Work required
Scan the entries below. List each line with "Πρίαμος".

Dataset entries
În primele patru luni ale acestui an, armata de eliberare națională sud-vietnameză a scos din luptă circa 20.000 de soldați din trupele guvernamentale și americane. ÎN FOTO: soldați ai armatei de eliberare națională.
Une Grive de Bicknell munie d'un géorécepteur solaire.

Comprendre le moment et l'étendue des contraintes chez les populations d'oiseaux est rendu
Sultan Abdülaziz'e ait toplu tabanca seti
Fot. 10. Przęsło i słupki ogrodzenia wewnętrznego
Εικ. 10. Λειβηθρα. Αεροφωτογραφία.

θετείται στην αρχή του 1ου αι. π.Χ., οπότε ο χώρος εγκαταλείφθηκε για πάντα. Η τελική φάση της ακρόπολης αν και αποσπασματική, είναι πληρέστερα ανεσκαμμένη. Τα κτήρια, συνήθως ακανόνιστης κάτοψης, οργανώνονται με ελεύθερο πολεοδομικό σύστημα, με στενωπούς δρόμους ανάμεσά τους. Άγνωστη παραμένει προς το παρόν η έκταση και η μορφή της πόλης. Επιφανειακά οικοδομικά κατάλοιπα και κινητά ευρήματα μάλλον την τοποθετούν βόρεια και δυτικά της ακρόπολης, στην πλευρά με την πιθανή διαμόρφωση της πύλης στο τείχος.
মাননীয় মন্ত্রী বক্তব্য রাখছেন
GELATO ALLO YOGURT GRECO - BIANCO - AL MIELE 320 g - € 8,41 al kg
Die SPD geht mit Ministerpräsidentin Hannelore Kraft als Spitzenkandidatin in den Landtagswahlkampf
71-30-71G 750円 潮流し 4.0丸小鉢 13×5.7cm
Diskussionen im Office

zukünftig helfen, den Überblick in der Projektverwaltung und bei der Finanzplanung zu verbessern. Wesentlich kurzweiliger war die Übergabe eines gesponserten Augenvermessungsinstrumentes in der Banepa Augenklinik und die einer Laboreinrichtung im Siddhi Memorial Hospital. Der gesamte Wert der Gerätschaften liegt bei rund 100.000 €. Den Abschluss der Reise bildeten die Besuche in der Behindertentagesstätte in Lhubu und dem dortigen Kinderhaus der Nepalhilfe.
--
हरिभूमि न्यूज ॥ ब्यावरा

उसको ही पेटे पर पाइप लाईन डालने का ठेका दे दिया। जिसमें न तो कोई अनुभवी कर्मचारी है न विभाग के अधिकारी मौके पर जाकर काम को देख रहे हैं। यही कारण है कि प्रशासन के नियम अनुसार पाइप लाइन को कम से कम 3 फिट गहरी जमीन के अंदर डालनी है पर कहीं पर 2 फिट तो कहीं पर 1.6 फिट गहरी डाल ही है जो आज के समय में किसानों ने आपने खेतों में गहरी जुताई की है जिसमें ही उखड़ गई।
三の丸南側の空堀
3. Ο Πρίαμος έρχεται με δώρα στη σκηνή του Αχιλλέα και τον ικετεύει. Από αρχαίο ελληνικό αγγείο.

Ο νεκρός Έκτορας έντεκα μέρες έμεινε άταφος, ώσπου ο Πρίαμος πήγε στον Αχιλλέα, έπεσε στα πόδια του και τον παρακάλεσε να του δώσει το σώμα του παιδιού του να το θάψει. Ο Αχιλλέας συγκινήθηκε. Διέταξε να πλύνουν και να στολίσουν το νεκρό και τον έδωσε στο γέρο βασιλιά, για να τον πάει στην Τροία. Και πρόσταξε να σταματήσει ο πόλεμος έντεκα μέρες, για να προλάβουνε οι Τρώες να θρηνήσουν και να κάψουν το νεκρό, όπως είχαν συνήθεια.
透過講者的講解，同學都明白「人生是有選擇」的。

Response to this task
3. Ο Πρίαμος έρχεται με δώρα στη σκηνή του Αχιλλέα και τον ικετεύει. Από αρχαίο ελληνικό αγγείο.
Ο νεκρός Έκτορας έντεκα μέρες έμεινε άταφος, ώσπου ο Πρίαμος πήγε στον Αχιλλέα, έπεσε στα πόδια του και τον παρακάλεσε να του δώσει το σώμα του παιδιού του να το θάψει. Ο Αχιλλέας συγκινήθηκε. Διέταξε να πλύνουν και να στολίσουν το νεκρό και τον έδωσε στο γέρο βασιλιά, για να τον πάει στην Τροία. Και πρόσταξε να σταματήσει ο πόλεμος έντεκα μέρες, για να προλάβουνε οι Τρώες να θρηνήσουν και να κάψουν το νεκρό, όπως είχαν συνήθεια.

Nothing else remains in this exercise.